Post-2012, these parents started looking for other options. Thailand, the other cheap destination, closed up after the Baby Gammy episode. The U.S. was very expensive. Then suddenly Nepal popped into the picture. Overnight, the gay/single parent fertility business shifted to Nepal. How did this happen?

Nepal allowed surrogacy for foreign nationals, but not for Nepalese.  This meant that neither the intended parents nor the surrogate mothers could be Nepali. Ironically there were quite a few Nepali surrogates carrying babies in India!  Nepal had no specific law or regulation. But, neither was it equipped for fertility tourism like India was. This was when our porous borders helped. Indian surrogates could be brought to Nepal, most probably after the embryo implantation was done. Since the whole business is shrouded in secrecy, the nitty-gritty of the transaction is known only to the Indian fertility clinics who probably masterminded the shift. The crucial exit document for the infant, which was no longer available in India, was now issued by Nepal. The child got the nationality of the commissioning parents. Simple!

Flash forward. April 2015. Nepal has been devastated by an earthquake. The media is full of pictures of rubble, of survivors sleeping on roads, of doctors bending over patients in makeshift clinics. And, in the midst of all this, emerge some startling pictures.

The international media zeroes in on the story of the week. Pictures of Air Force officers’ carrying pink-faced newborns aboard a rescue mission flight to Israel make front-page headlines and are flashed across TV screens. The babies being evacuated, we learn, belong to gay Israeli couples who had commissioned their birth through surrogates in Nepal. There are indignant murmurs, as we learn that the surrogates are left behind in their weak condition to fend for themselves amid the devastation. And then worse… that there are more pregnant surrogates left in Nepal carrying Israeli babies and no one knows what their future will be. Israel can legally evacuate and repatriate only its own citizens. Therefore the babies can be evacuated, but the mothers who bore them cannot.  And no one quite knew what would be the fate of the tiny Israeli “citizens’ still stuck inside their surrogate mothers’ wombs.

Israel recognises gay civil unions as well as surrogacy. But an Israeli surrogate can only be contracted by an Israeli heterosexual couple. However, babies born to gay couples through surrogacy outside the country are given Israeli citizenship.

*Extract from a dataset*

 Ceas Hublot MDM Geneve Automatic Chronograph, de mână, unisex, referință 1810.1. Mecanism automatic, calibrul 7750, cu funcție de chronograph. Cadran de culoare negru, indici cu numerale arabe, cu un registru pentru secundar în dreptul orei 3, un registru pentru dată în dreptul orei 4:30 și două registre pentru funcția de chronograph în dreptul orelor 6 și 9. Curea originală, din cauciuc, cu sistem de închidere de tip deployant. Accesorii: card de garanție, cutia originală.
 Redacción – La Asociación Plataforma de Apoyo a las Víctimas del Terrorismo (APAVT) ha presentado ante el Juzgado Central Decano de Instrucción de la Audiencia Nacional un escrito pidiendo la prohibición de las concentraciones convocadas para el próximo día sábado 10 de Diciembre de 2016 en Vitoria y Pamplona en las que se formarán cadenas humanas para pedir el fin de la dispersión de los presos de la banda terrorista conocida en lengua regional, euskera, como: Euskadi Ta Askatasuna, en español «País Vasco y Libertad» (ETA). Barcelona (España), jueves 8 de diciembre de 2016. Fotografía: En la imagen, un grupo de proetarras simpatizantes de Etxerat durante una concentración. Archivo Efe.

Many, even in Israel, have protested against this law and want it changed.

Perhaps Israel will address the issue and change the law.  But, even if that happens, it will be too late for the heavily pregnant women who are stuck in devastated Nepal with Israeli babies in their wombs. All the surrogate mothers are probably Indian.

What is striking about this whole issue is the layers of hypocrisy involved. Israel allows gay unions and children born to them through surrogates… but not on its own soil. India derecognises gay partnerships and bans surrogacy for such couples but turns a blind eye to surrogates who cross the border and deliver babies in another country, which is willing to give exit permits. Nepal doesn’t allow its women to become surrogates in their own land but looks the other way when they cross over to India to do so.

Sadly, the women who rent out their wombs in such situations are poor and ignorant and often have no idea of what they are getting themselves into. They are totally dependent upon the fertility clinics and the agents who often abandon them once the job is done.  

This latest episode once more highlights the need of the hour. Fertility clinics and surrogacy arrangements are here to stay. The fertility business is booming and will continue to do so.  We need to recognise this reality and introduce proper legislation before disaster strikes.